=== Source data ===

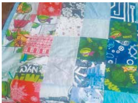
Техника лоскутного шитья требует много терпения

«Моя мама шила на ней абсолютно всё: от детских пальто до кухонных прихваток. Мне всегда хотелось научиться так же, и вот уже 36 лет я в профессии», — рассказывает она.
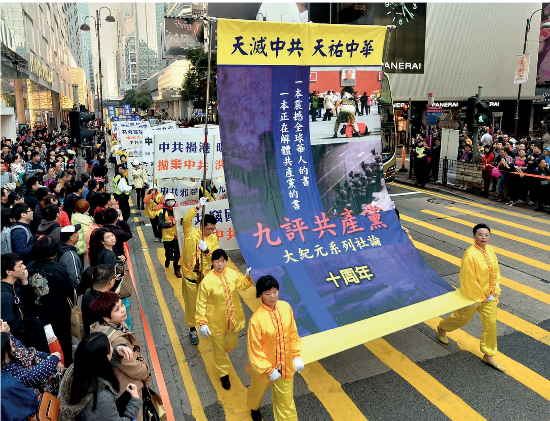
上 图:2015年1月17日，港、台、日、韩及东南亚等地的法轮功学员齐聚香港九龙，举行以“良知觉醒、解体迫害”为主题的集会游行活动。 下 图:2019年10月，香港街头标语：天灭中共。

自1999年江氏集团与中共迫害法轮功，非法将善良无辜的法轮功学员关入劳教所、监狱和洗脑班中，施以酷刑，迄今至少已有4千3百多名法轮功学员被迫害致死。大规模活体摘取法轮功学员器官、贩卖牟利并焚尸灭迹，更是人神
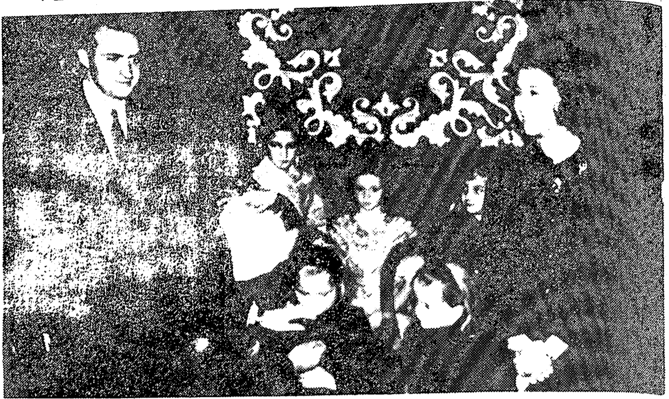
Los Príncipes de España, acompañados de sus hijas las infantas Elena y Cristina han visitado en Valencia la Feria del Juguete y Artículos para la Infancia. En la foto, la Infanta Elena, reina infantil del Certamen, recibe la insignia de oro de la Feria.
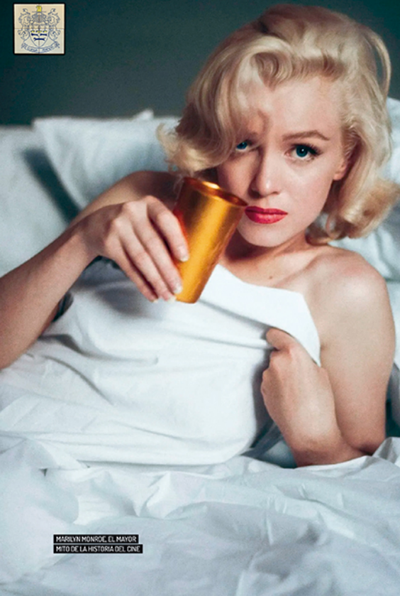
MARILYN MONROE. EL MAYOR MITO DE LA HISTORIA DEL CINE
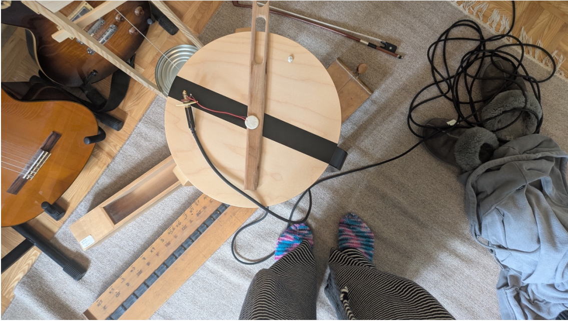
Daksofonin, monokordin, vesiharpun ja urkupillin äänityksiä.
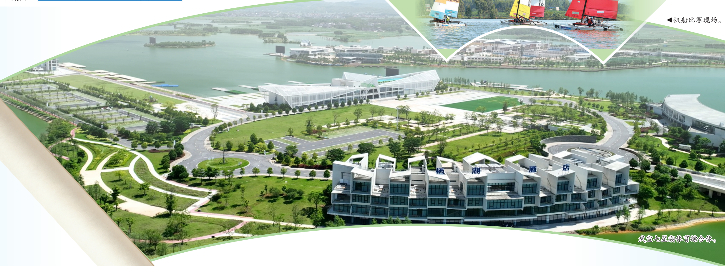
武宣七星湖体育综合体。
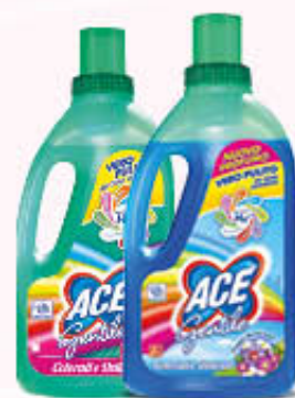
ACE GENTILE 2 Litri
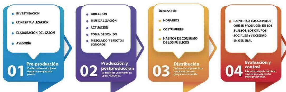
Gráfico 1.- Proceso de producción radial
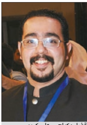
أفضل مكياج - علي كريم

=== Exercise description ===
Could you set down every record above exactly as written, leaving out the pictures?

=== Result of this exercise ===
Техника лоскутного шитья требует много терпения

«Моя мама шила на ней абсолютно всё: от детских пальто до кухонных прихваток. Мне всегда хотелось научиться так же, и вот уже 36 лет я в профессии», — рассказывает она.
上 图:2015年1月17日，港、台、日、韩及东南亚等地的法轮功学员齐聚香港九龙，举行以“良知觉醒、解体迫害”为主题的集会游行活动。 下 图:2019年10月，香港街头标语：天灭中共。

自1999年江氏集团与中共迫害法轮功，非法将善良无辜的法轮功学员关入劳教所、监狱和洗脑班中，施以酷刑，迄今至少已有4千3百多名法轮功学员被迫害致死。大规模活体摘取法轮功学员器官、贩卖牟利并焚尸灭迹，更是人神
Los Príncipes de España, acompañados de sus hijas las infantas Elena y Cristina han visitado en Valencia la Feria del Juguete y Artículos para la Infancia. En la foto, la Infanta Elena, reina infantil del Certamen, recibe la insignia de oro de la Feria.
MARILYN MONROE. EL MAYOR MITO DE LA HISTORIA DEL CINE
Daksofonin, monokordin, vesiharpun ja urkupillin äänityksiä.
武宣七星湖体育综合体。
ACE GENTILE 2 Litri
Gráfico 1.- Proceso de producción radial
أفضل مكياج - علي كريم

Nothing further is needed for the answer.